Yeah, I know, I'm slacking. A few months ago I was doing like 80-100 hours per week on Uber. UberPro has kind of waned my enthusiasm for having the Uber app on, plus the recent anti-gun announcements from Uber have me doing GrubHub when possible.


----------



## Uber_Paul83 (Mar 4, 2019)

My question is: why are you so obsessed with an hourly rate? You’re a contractor, you don’t get paid an hourly rate so why fixate on it?


----------



## KD_LA (Aug 16, 2017)

Uber_Paul83 said:


> My question is: why are you so obsessed with an hourly rate? You're a contractor, you don't get paid an hourly rate so why fixate on it?


I try to obsess over a total figure that is a daily goal plus the previous day's gas.


----------



## Taxi2Uber (Jul 21, 2017)

Seamus said:


> Do as you like. $$$/hr means nothing unless you want to compare yourself to what you could be making at Walmart and it is also very misleading as its just a Gross.
> 
> Revenue per mile is what a business would track. I kept a spreadsheet and tracked faithfully daily revenue/total miles driven driveway to driveway. That gives you actionable data on hand. Several years ago this is how I crafted my strategy in my market. On days you are doing better than $1.00/mile = great. .72+ / mile ok, .60 or less is unacceptable and .50 or less is horrendous. It's actual data you can make decisions with. What strategy worked or did not? places? times? I know what strategies worked for me over the years and hard cold facts is how I discovered it. If you don't record data you are just making assumptions based on feelings and memory which can be quit faulty. I'll take actual data any day. Most will never understand. Whatever works for you.

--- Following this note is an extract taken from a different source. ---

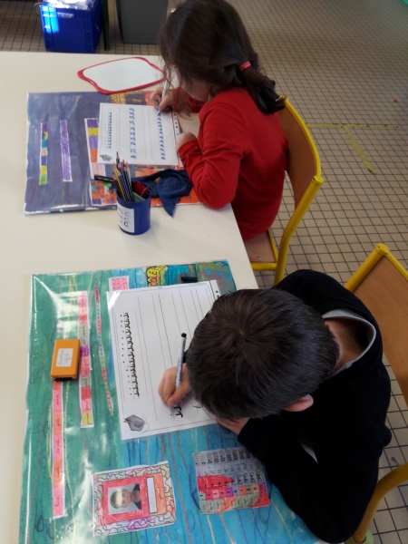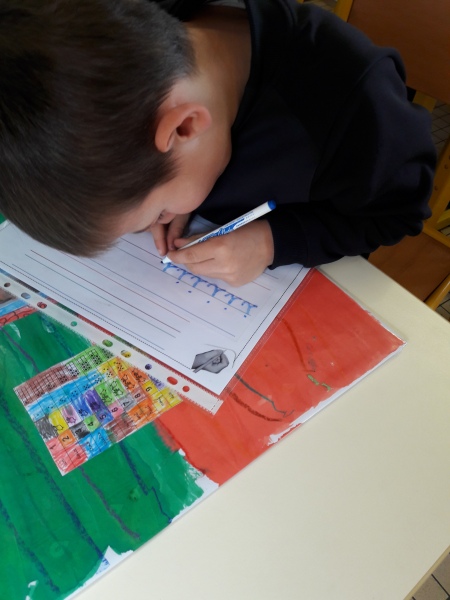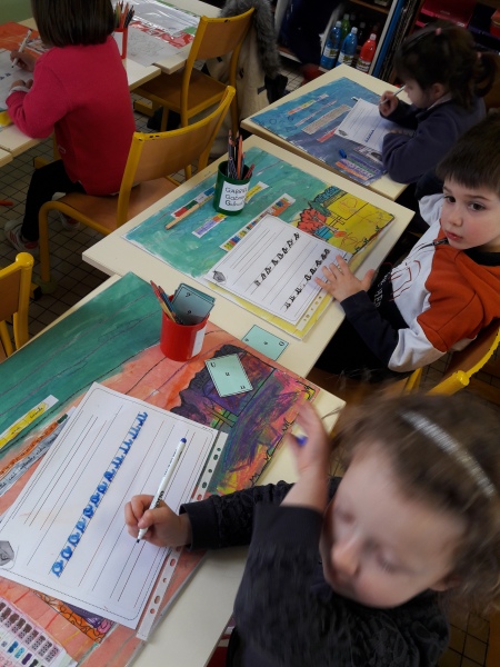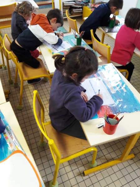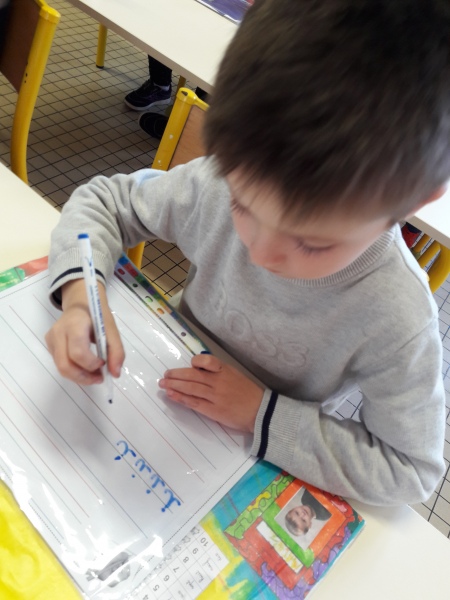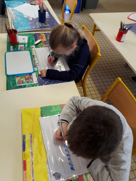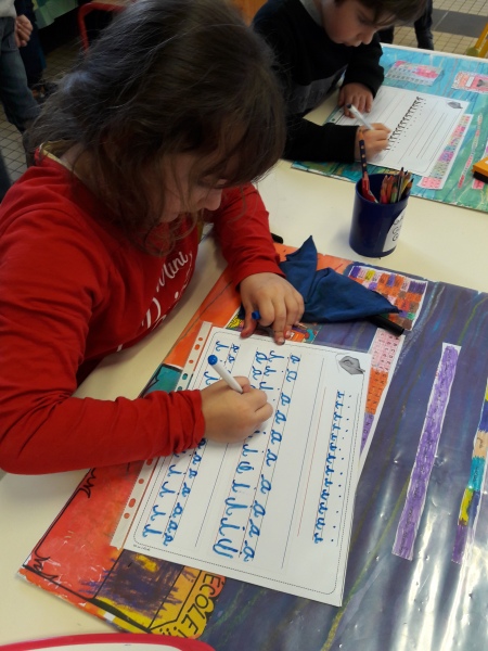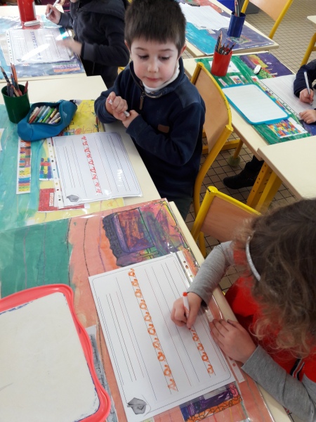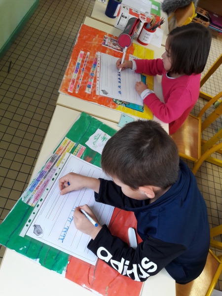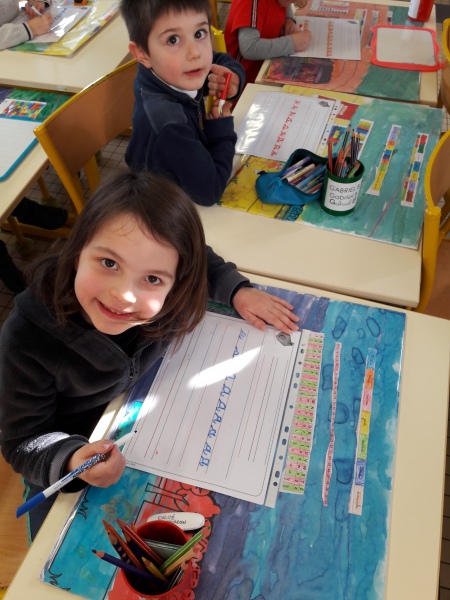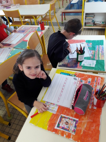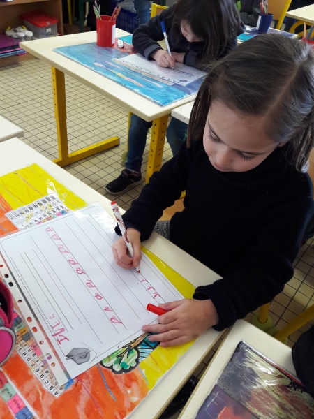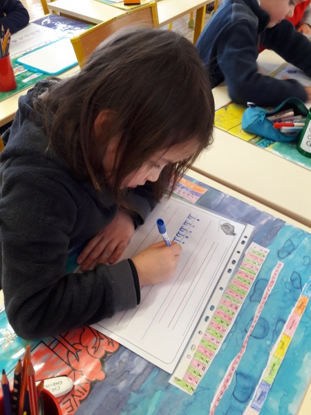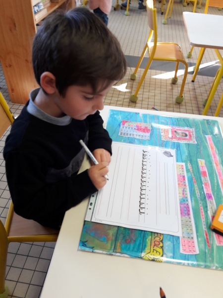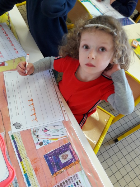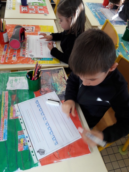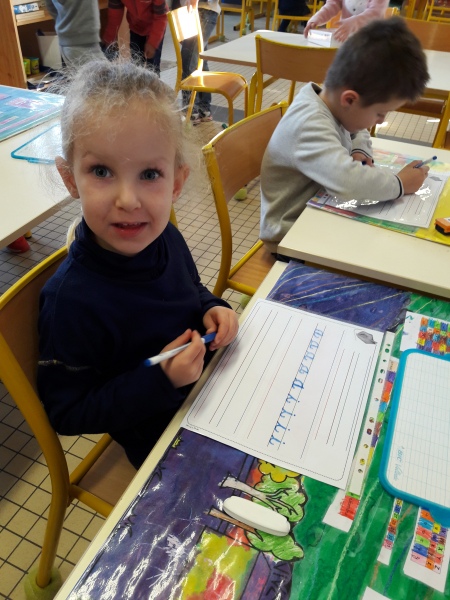 Les GS ont continué à s’entrainer à l’écriture des lettres voyelles, nous avons retravaillé le a et le i. Puis le o et le u.

You make this same stupid argument often.
It's not just revenue/mile, and the rest means nothing.
If I had 1 minimum fare ride for $3.98 going .5 miles in 1 hour, to you that's "great".
Rev/hour is equally important to rev/mile.
All the numbers have meaning as a collective whole, and should be factored in to determine success.


----------



## Erin C Banning (Jul 3, 2018)

my area's seasonal, and I only do weekends/nights -- in-season, net $/hr averages $18-$20/hr, out-season, $15/hr


----------



## mbd (Aug 27, 2018)

Too easy


----------



## Cold Fusion (Aug 28, 2019)

ubermonkey said:


> What's everyone's hourly gross/net
> 
> And how many hours a week/day are you guys working


majority of drivers are notoriously bad with math or too embarrassed to admit they drive for below minimum wage _K_hosrowshahi and Kalanick like i that way

https://www.theguardian.com/us-news/2019/mar/22/uber-lyft-ipo-drivers-unionize-low-pay-expenses
https://www.moneysense.ca/spend/shopping/auto/how-much-money-can-you-make-driving-for-uber/


----------



## OldBay (Apr 1, 2019)

Uber_Paul83 said:


> My question is: why are you so obsessed with an hourly rate? You're a contractor, you don't get paid an hourly rate so why fixate on it?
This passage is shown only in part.